Still, both implored others to run as Independents. “It doesn’t mean working on your own, it means being committed to working with everyone,” Wilson-Raybould said. Philpott said she heard a number of people say: “None of the parties is exactly me. But I feel I can represent my community’,” and offered an instruction: “Go for it!”
As for future prospects, anyone doing the math using familiar calculus will see Wilson-Raybould’s chance of re-election is far greater than Philpott’s. She was elected in 2015 with almost 44 percent of the popular vote in Vancouver Granville, a redrawn riding; the NDP candidate came in second with 27 per cent of the vote. Philpott prevailed by a far narrower margin in the newly drawn Markham-Stouffville over Conservative Paul Calandra, the incumbent MP in Oak Ridges-Markham district—49 per cent to 43 per cent.
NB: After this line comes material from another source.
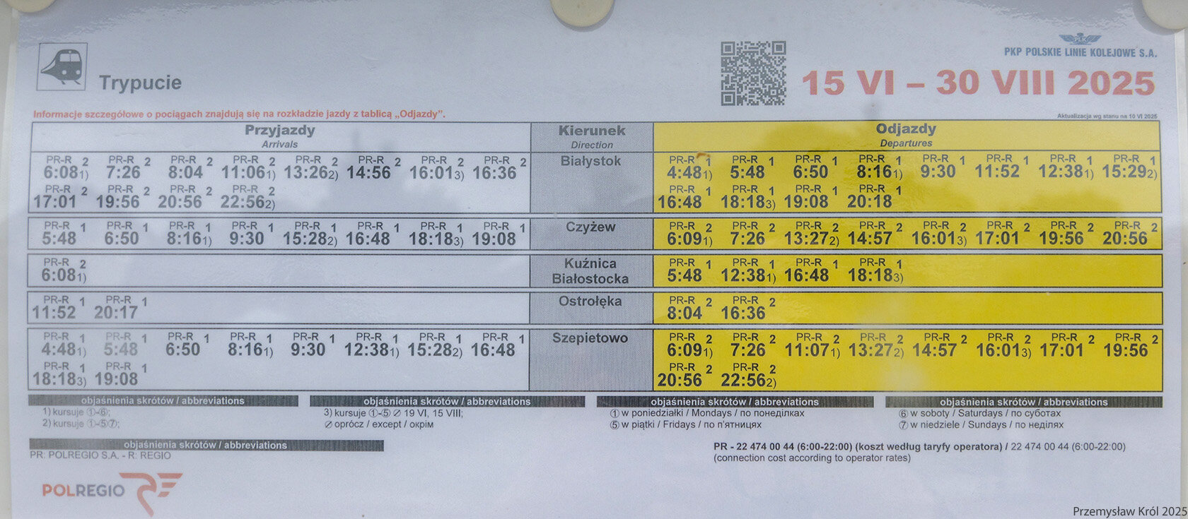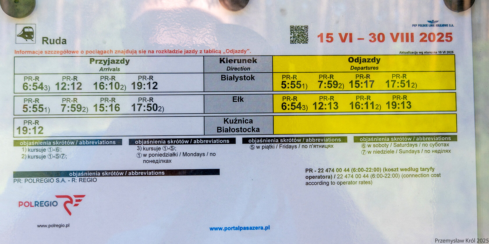Rozkład jazdy wiszący na stacji Podlasek, niby ważna linia Rail Baltica, a pociągów jak na lekarstwo.

Yet she also won respect as one of the Trudeau government’s most competent and trusted ministers. Her expulsion from caucus saw the dismantling of the Liberal riding association in Markham-Stouffville, with its members stepping down in solidarity.
Philpott ended Monday’s announcement with more imagery: “We are going to paint outside the party lines,” she said, referring to her campaign signs, but making a bigger point. She emphasized the power of one person to effect change, quoting the lyrics of “Fight Song,” after asking the Mennonites present to forgive her for the “fight” reference: “Like a small boat in the ocean sending big waves into motion.”
Tellingly, neither Philpott nor Wilson-Raybould ruled out running for a political party again when fielding reporters’ questions. For now, being Independent, free from politics as usual, delivers the most potent, timely one-two political punch.